En el corazón de la Ciudad de México, donde convergen historia, cultura y una vibrante vida urbana, Central Hoteles inicia una nueva etapa en su evolución con el lanzamiento de suites de lujo y un servicio de Butler que redefine la experiencia de hospedaje en el Centro Histórico.
Desde su apertura en 2014 con Zócalo Central, el grupo apostó por proyectar un México contemporáneo y elegante, alejándose de clichés visuales para ofrecer espacios donde el diseño, el arte y el servicio cercano se convierten en protagonistas. A esta visión se sumaron posteriormente Histórico Central y Canadá Central, consolidando un portafolio coherente que hoy figura entre los favoritos de viajeros nacionales e internacionales.

La consistencia del proyecto se refleja en los rankings: los tres hoteles del grupo se mantienen dentro del Top 10 de TripAdvisor entre más de 450 hoteles en la capital, un reconocimiento que, para la marca, representa un punto de partida y no de llegada.
La evolución más reciente se materializa en la incorporación de 20 suites premium: diez con vista directa al Zócalo capitalino en Zócalo Central y diez con vista a la Torre Latinoamericana en Histórico Central. Las habitaciones integran amenidades de alto nivel, como productos de baño Molton Brown, cafeteras Nespresso y ropa de cama de 600 hilos, pero el verdadero diferencial es la introducción de un servicio de Butler diseñado para anticipar y personalizar cada detalle de la estancia.
Patricia Jiménez, directora de ventas y mercadotecnia de Central Hoteles, explica que esta apuesta responde a un nuevo perfil de viajero que busca lujo sin perder autenticidad ni conexión con la ciudad.
“El huésped actual quiere experiencias genuinas y servicio personalizado, pero también quiere sentirse parte del destino. Nuestras suites ofrecen lujo competitivo en pleno Centro Histórico, con tarifas que resultan muy atractivas frente a otras zonas de la ciudad”, señala.

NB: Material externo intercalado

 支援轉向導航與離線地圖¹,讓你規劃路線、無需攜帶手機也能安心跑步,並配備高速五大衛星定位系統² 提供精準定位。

El servicio de Butler incluye desde check-in privado en la habitación hasta coordinación de experiencias, reservas, atención personalizada y apoyo en cualquier necesidad durante la estancia, una propuesta poco común en esta zona de la capital.

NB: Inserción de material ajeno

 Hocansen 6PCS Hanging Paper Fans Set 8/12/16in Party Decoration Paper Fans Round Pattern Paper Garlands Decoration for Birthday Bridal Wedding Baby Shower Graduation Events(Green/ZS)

Para Jiménez, el valor agregado no solo está en el nivel de servicio, sino en la ubicación y la experiencia cultural que rodea a los hoteles del grupo. “Quien se hospeda aquí quiere caminar, descubrir museos, probar la gastronomía local y vivir la ciudad. El Centro Histórico ofrece justamente esa posibilidad de conexión real con la cultura mexicana”, afirma.

Otro de los grandes diferenciadores sigue siendo Café Central, un deli incluido sin costo adicional para huéspedes que ofrece alimentos y bebidas durante todo el día, desde cafés de especialidad y jugos hasta platillos completos y postres. Un concepto que ha contribuido a la fidelización de clientes y que se ha convertido en sello distintivo del grupo.

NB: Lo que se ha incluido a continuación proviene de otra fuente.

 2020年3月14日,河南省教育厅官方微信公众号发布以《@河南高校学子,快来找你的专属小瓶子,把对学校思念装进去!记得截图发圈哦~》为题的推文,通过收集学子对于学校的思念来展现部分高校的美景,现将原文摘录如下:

El crecimiento de Central Hoteles también acompaña el proceso de transformación del Centro Histórico, que en los últimos años ha visto mejoras en infraestructura, seguridad y oferta cultural y gastronómica, consolidándose como un destino clave para el turismo de placer.

“Estamos viendo un Centro Histórico cada vez más atractivo para el viajero internacional. Nuestro objetivo es seguir elevando la experiencia y demostrar que el lujo también puede vivirse en el corazón cultural de la ciudad”, añade Jiménez.
Con esta nueva oferta, Central Hoteles no solo refuerza su posición como referente de hospitalidad en la zona, sino que también eleva el estándar de servicio en el primer cuadro de la capital, apostando por un lujo cercano, personalizado y profundamente conectado con la esencia de la Ciudad de México.